I’ve traveled with Bryan and Jonathan before and lived to tell the tale. Admittedly, it was a harrowing experience but not totally devoid of fun. I can’t think two people I’d rather be stuck in construction traffic with at 2 a.m. in Virginia — mainly because if you ask them to reenact the intro from “Fame” on the hood of the rental car, they’ll do it AND they won’t hold a grudge when you put the car in drive and head for the nearest exit while the deputies are checking their id.
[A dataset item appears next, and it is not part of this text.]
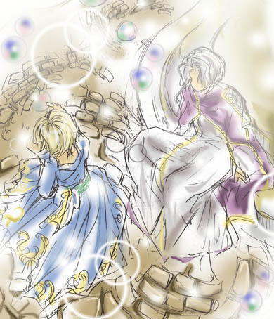 『小さい光』挿絵。遠近感…?そんなの無視してください(爆)。 石畳ってすごく好きなんだけど描くのって難しい。しかもこんな色じゃないって。 ロクス…どこ座ってるんだろう。階段にしては曲線すぎや…。ガウディ好きなんだ(関係あるのか…?)。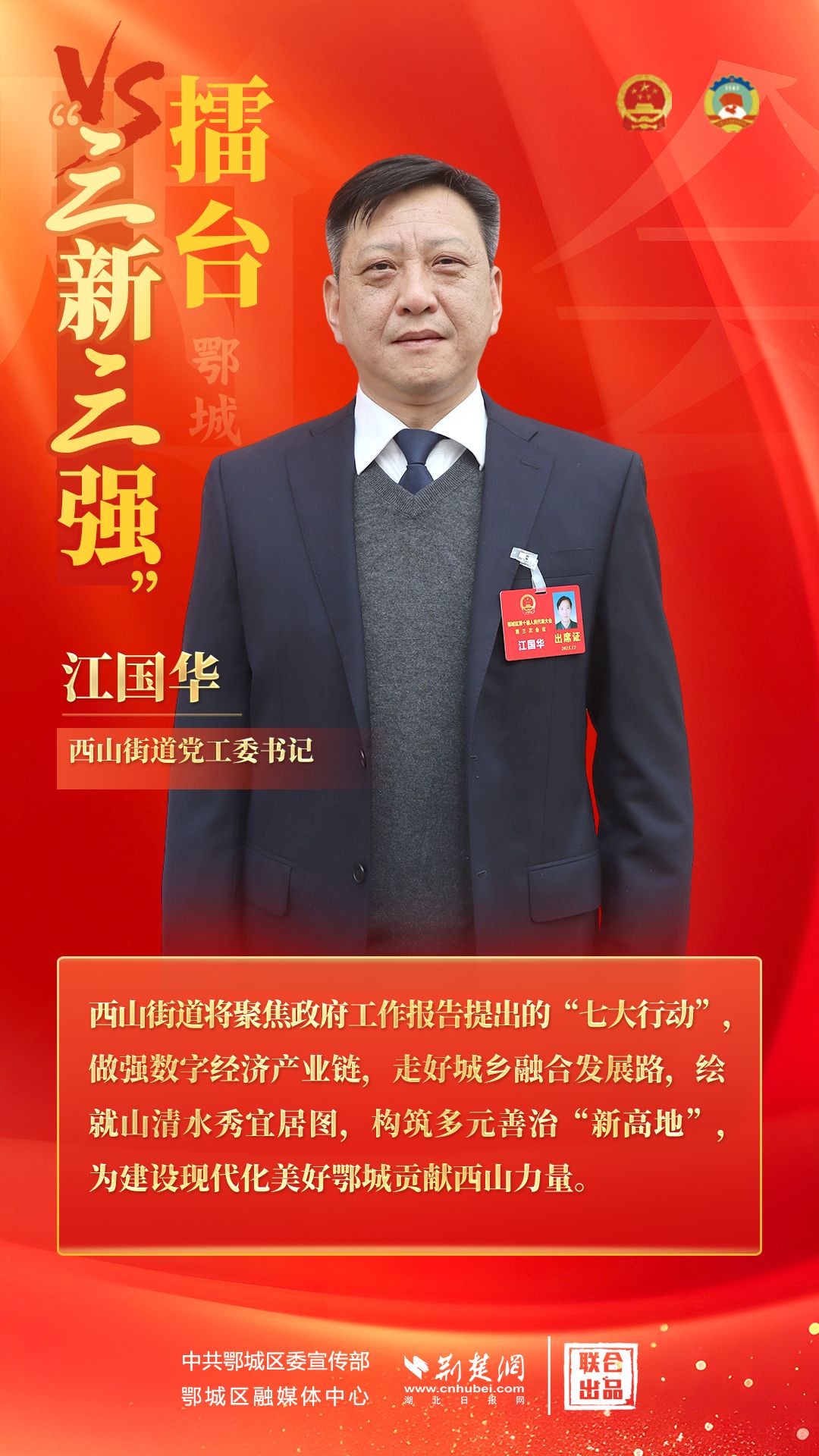 針對政府工作報告提出的“構(gòu)建新產(chǎn)業(yè)、打造新環(huán)境、推進新治理,推動強產(chǎn)爭先、強城爭優(yōu)、強村爭效”的要求,鄂城區(qū)10個鎮(zhèn)街負責(zé)人圍繞政府工作報告,結(jié)合各自工作實際,積極為鄂城區(qū)發(fā)展獻計獻策。

I kept in touch with the guys while they were out of town, sending bail money when I could. Even though we already have email, texting, Facebook, Twitter, Instagram (not to mention the antiquated old phone) to keep in touch, Bryan and Jonathan said I needed to install Snapchat. Since I’m the emergency contact for half the people on this trip, I begrudgingly decide to download Snapchat. Little did I know doing so would require me to let Snapcat have access to my photos, contact list, blood type, favorite color, dreams, social security number, bank account number and dog.
On top of all that, turns out Snapchat is identical to texting. It’s the same thing. I know many of you out there are about to bust a vein to tell me otherwise, but it’s just texting. As if jumping through dozens of hoops to obtain Snapchat weren’t enough, Hanks, Massey and the entire crew posted their photos and private messages on — you guessed it — Facebook. I took great pleasure in deleting Snapchat; I even insulted it as it dissolved into the trash bin on my phone.
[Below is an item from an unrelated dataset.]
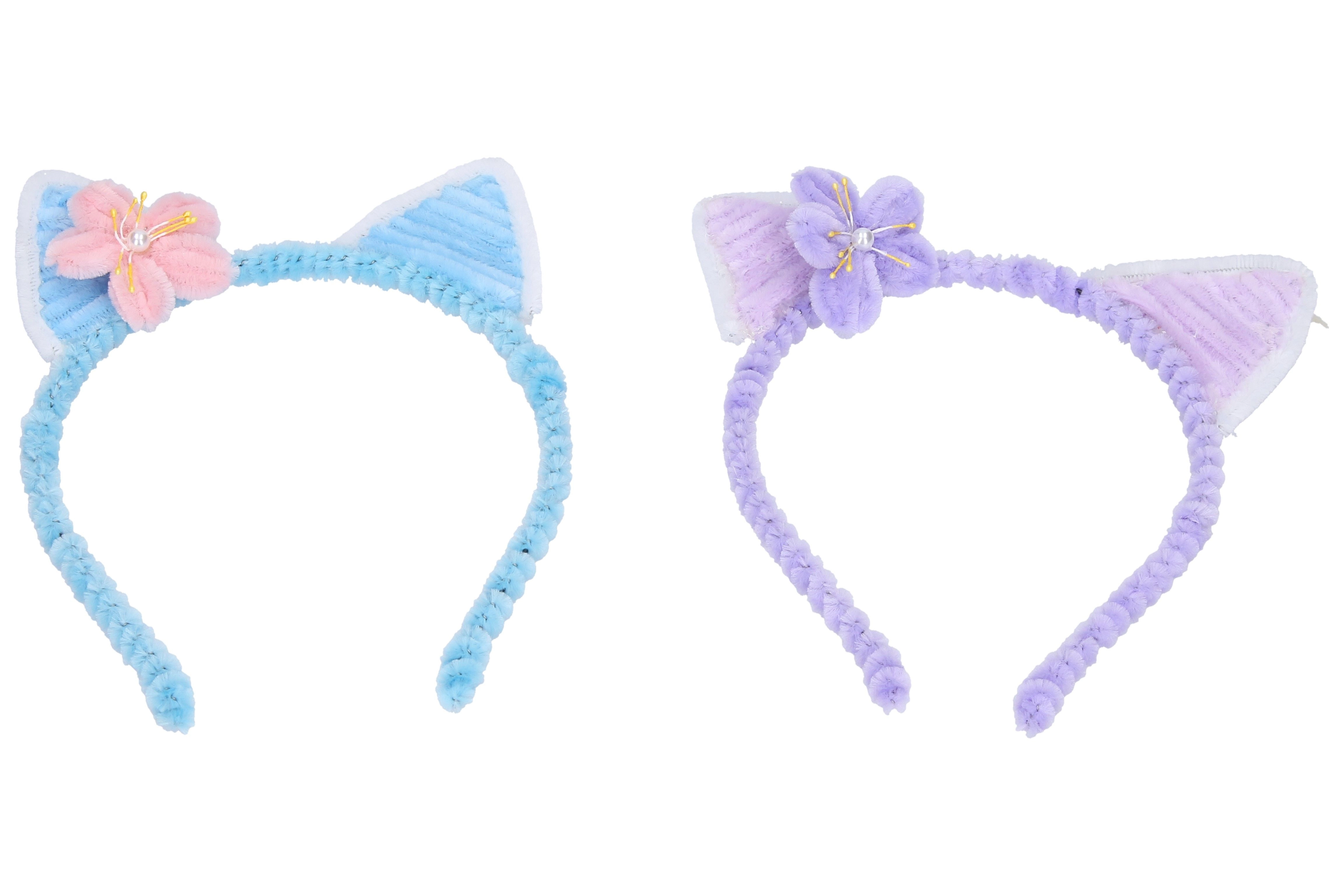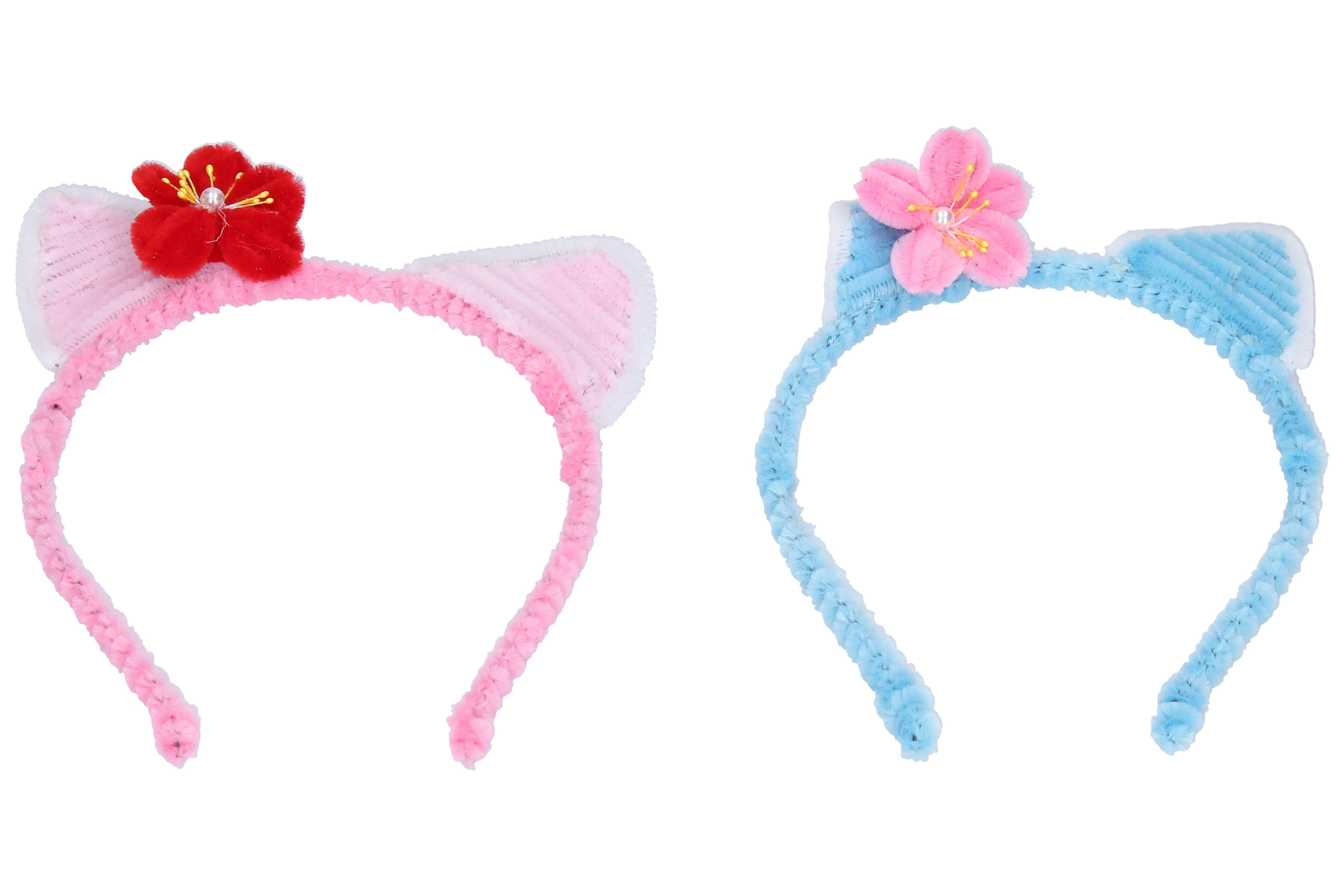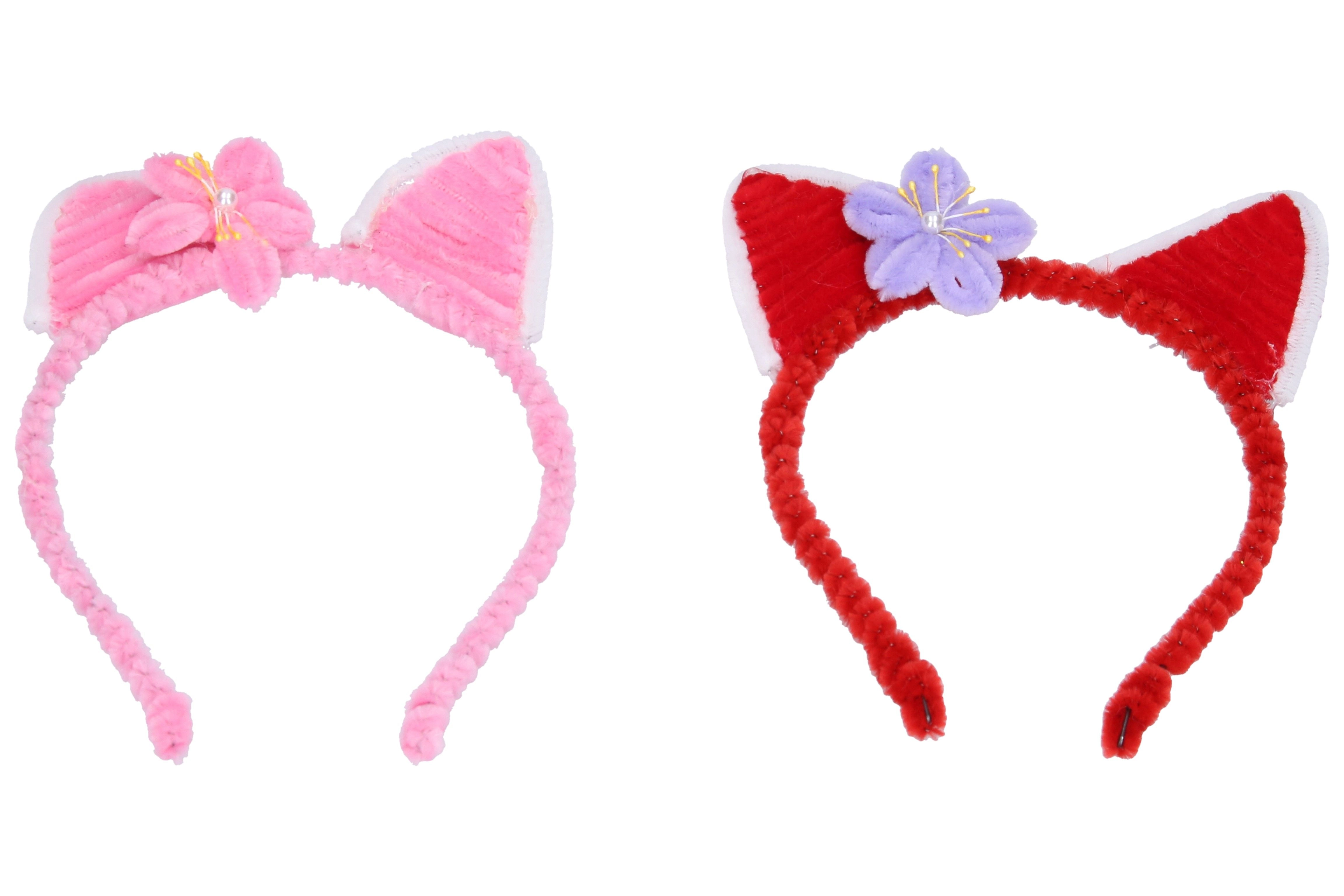 Każda opaska jest uzupełniona subtelną kwiatową ozdobą, która podkreśla figlarny koci wygląd i dodaje stylizacji delikatności.

Last Sunday our heroes were in Atlanta enjoying baseball and Varsity hot dogs. One photo featured a rather dour Bryan Hanks holding a piece of sausage. Turns out he was torn between a love of all things pork and his decision last week to revisit “Charlotte’s Web.” I don’t want to give away the ending, but if 20 spiders wrote “War And Peace” in calligraphy that sausage wouldn’t have stood a chance.

Based on the photos the lads have posted over the last few days, the Department of Homeland Security is advising the entire eastern seaboard to brace for gastrointestinal event of Three Mile Island proportions. Their ride home could be the second time the lights went out in Georgia.
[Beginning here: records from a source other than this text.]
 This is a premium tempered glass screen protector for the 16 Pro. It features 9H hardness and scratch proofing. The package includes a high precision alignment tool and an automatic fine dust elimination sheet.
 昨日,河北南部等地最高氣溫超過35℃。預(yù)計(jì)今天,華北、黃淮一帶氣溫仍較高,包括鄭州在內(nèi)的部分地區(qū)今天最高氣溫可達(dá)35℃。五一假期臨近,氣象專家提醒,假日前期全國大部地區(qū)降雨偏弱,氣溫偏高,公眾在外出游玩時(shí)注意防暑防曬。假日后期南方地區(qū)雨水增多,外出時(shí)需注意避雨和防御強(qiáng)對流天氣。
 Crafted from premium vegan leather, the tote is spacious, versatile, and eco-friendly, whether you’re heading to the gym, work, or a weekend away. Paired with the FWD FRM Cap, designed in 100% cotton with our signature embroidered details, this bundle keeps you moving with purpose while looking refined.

Late Sunday night, Atlanta Braves/CNN owner/flat-Earther Ted Turner held a press conference to ask for help in finding the people who stole his mustache. He describes the miscreants who burst into his private box at Sunday’s baseball game as four derelict men wearing more sports-themed clothing than the players on the field.
“They wreaked of gas station cologne and sausage — which at first made me think they’d been sent by my ex-wife Jane Fonda.” a clearly shaken Turner said. “I know it wasn’t Jane though; I was allowed to keep the mustache in the divorce and she got the vacation house in Hanoi.”